(Stored records)
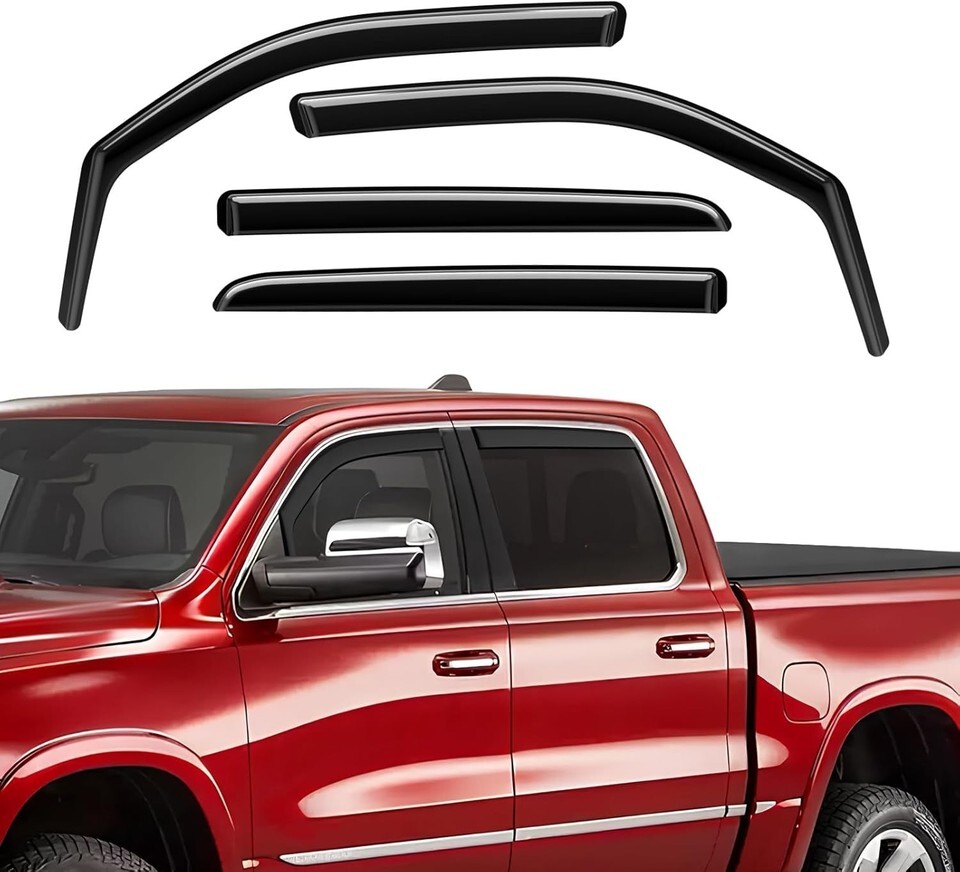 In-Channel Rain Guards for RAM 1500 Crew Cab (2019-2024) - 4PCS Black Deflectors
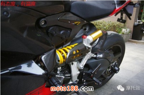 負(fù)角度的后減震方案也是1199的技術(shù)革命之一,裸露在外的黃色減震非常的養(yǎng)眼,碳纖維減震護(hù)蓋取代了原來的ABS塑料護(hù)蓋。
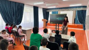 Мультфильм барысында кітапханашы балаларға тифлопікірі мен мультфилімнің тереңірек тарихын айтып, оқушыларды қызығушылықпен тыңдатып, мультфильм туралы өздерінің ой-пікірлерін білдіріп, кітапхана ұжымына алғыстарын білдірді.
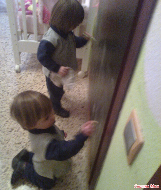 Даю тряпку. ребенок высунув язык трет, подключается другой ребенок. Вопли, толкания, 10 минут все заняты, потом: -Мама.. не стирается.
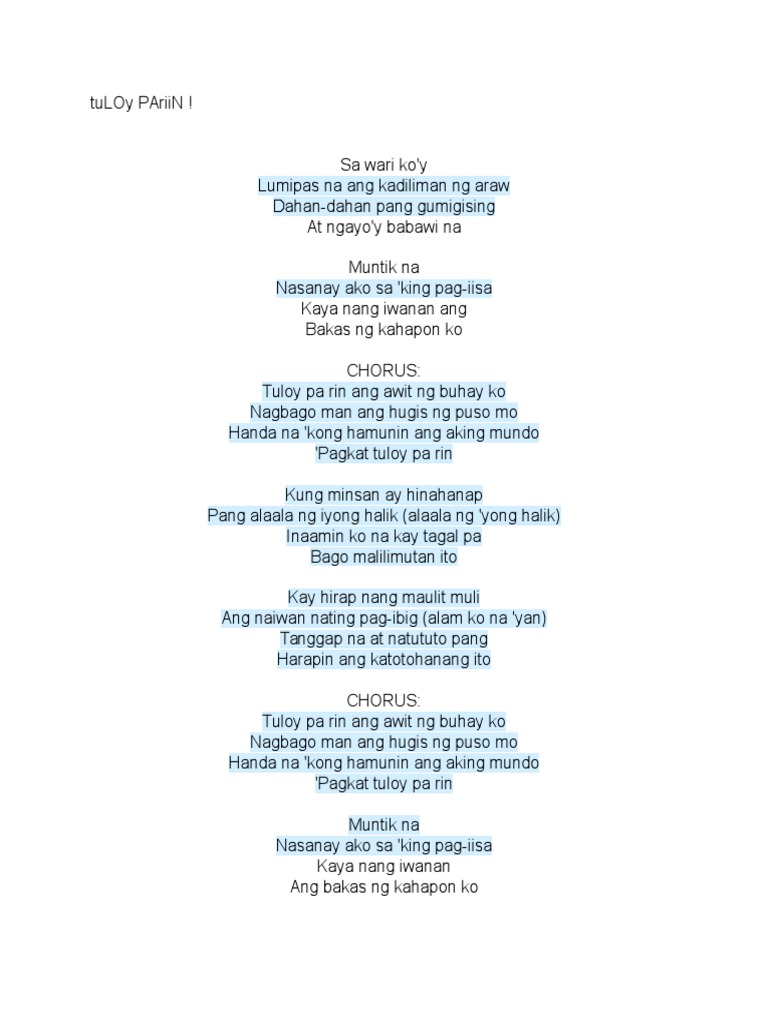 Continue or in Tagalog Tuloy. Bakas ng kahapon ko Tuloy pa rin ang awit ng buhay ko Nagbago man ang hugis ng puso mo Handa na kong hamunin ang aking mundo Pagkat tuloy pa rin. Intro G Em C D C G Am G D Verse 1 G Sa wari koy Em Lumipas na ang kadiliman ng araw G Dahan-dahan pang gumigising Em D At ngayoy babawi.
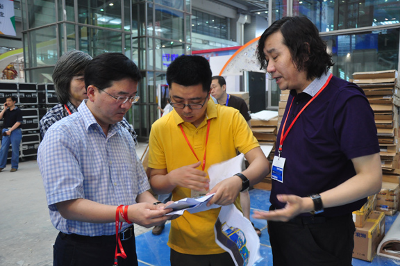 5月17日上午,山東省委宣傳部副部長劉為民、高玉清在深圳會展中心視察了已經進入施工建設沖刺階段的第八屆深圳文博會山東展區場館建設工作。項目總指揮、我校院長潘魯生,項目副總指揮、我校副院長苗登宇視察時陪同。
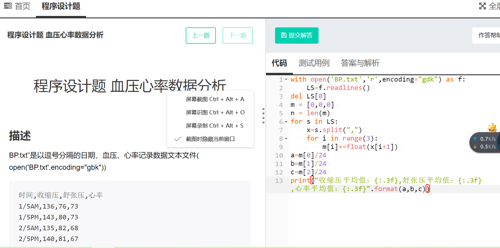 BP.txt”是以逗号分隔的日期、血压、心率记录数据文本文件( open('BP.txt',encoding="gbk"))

Exercise:
Take the lines from the start of the entries through the line containing "Даю тряпку. ребенок" and set them down exactly, leaving out every picture.

Exercise response:
 In-Channel Rain Guards for RAM 1500 Crew Cab (2019-2024) - 4PCS Black Deflectors
 負(fù)角度的后減震方案也是1199的技術(shù)革命之一,裸露在外的黃色減震非常的養(yǎng)眼,碳纖維減震護(hù)蓋取代了原來的ABS塑料護(hù)蓋。
 Мультфильм барысында кітапханашы балаларға тифлопікірі мен мультфилімнің тереңірек тарихын айтып, оқушыларды қызығушылықпен тыңдатып, мультфильм туралы өздерінің ой-пікірлерін білдіріп, кітапхана ұжымына алғыстарын білдірді.
 Даю тряпку. ребенок высунув язык трет, подключается другой ребенок. Вопли, толкания, 10 минут все заняты, потом: -Мама.. не стирается.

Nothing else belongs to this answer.